There is something unusual about this email, please take care as it could be 
malicious.

Tessian has flagged this email because the sender could be trying to impersonate someone at your company. The 
sender, "David Li <li[.]davidm96@gmail[.]com>", looks similar to "david lim 
<dave[.]lim@arm[.]com>", someone at your company.


COVID-19 update: Phishing attacks are increasing to take advantage of the 
current situation. Try contacting the sender through a different channel to 
confirm that the email was sent by them.

This warning message will be removed if you reply to or forward this email to a 
recipient outside of your organization.

---- Tessian Warning End ----

Hey Yibo,

Thanks for investigating this! This is a great writeup.

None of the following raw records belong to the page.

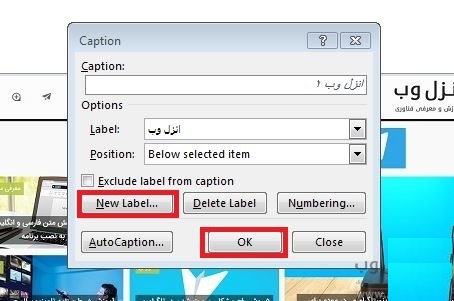 New Label کلیک کنید. عبارتی که می خواهید زیر عکس به شما نمایش داده شود را تایپ کنید و
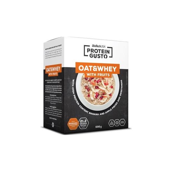 Oat & Whey with Fruits de BioTech USA dentro de su línea de comidas funcionales Protein Gusto es un producto que contiene una combinación de copos de avena y trozos de fruta con una mezcla de proteína de concentrado de suero y aminoácidos (BCAAs, glutamina y arginina), en dos versiones diferentes, una con sabor a chocolate con trozos de cereza y otra con sabor a plátano con trozos de plátano y manzana.
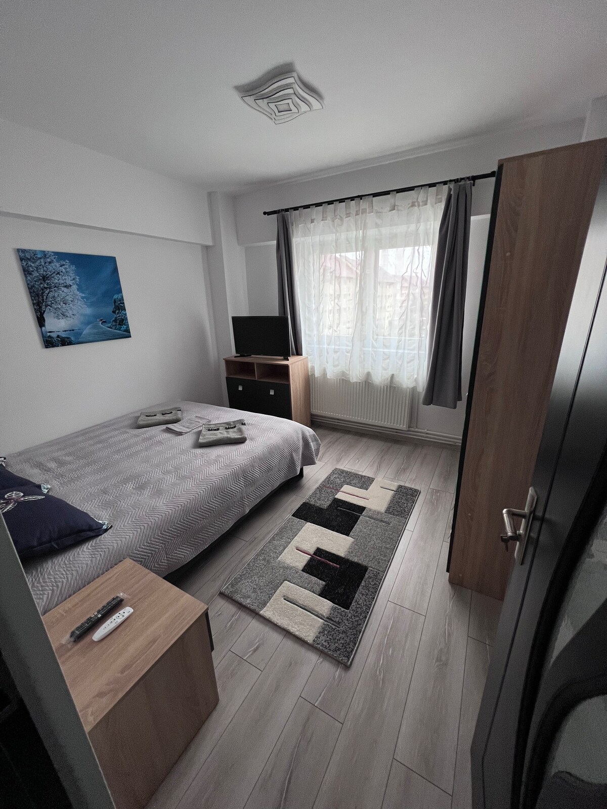 Yeşil kuşak ve ücretsiz otoparkı olan sessiz bir ortamda sade küçük bir stüdyo oda. Oda çift kişilik yatak ve çekyat ile donatılmıştır,bu nedenle 4 kişi için yeterli olabilir. Odanın büyüklüğü bundan sonra olacak, ancak 2 yetişkin ve 2 çocuk için tavsiye ederim, 4 yetişkin biraz dar.

There was a PR recently to let clients set gRPC options like this, so
it can be enabled on a case-by-case basis:
https://github.com/apache/arrow/pull/7406
So we could add that to the benchmark or suggest it in documentation.

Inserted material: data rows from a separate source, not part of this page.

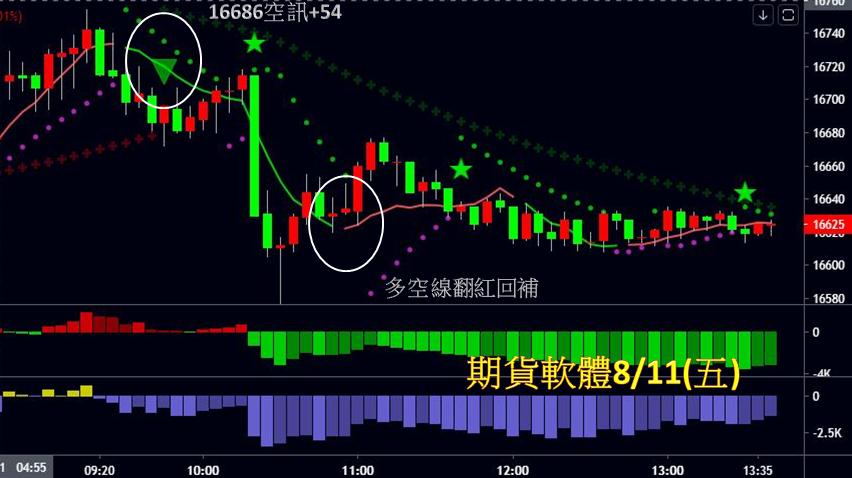 台指期今天走勢明顯偏空,可以在早盤16686點進場做空,一直到多空力道線翻紅時回補出場,可獲利54點。
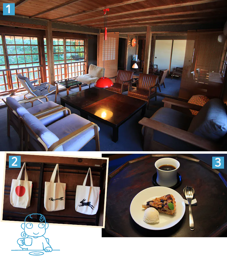 1. 2階の喫茶。特に窓際の席はひとりでも気兼ねなく過ごせるのでおすすめ/2.旅の思い出に欲しくなる素敵な雑貨や小物/3.デザートセット1000円。好きな飲み物が選べる
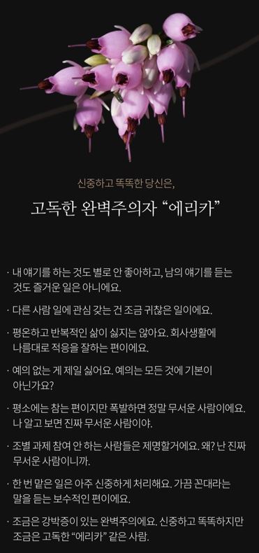 신중하고 똑똑한 당신은, 고독한 완벽주의자 “에리카”

Thanks David, exactly what I want.


I think this benchmark is a bit of a pathological case for gRPC. gRPC
will share sockets when all client options are exactly the same; it
seems just adding TLS, for instance, would break that (unless you
intentionally shared TLS credentials, which Flight doesn't):
https://github.com/grpc/grpc/issues/15207. I believe grpc-java doesn't
have this behavior (different Channel instances won't share
connections).

Also, did you investigate the SO_ZEROCOPY flag gRPC now offers? I
wonder if that might also help performance a bit.
https://grpc.github.io/grpc/core/group__grpc__arg__keys.html#ga1eb58c302eaf27a5d982b30402b8f84a

Did a quick try. Ubuntu 4.15 kernel doesn't support SO_ZEROCOPY. I upgraded to 
5.7 kernel.
Per my test on same host, no obvious difference after setting this option. Will 
do more tests over network.


Best,
David

On 6/17/20, Chengxin Ma <[email protected]> wrote:
Hi Yibo,


Your discovery is impressive.


Did you consider the `num_streams` parameter [1] as well? If I understood
correctly, this parameter is used for setting the conceptual concurrent
streams between the client and the server, while `num_threads` is used for
setting the size of the thread pool that actually handles these streams [2].
By default, both of the two parameters are 4.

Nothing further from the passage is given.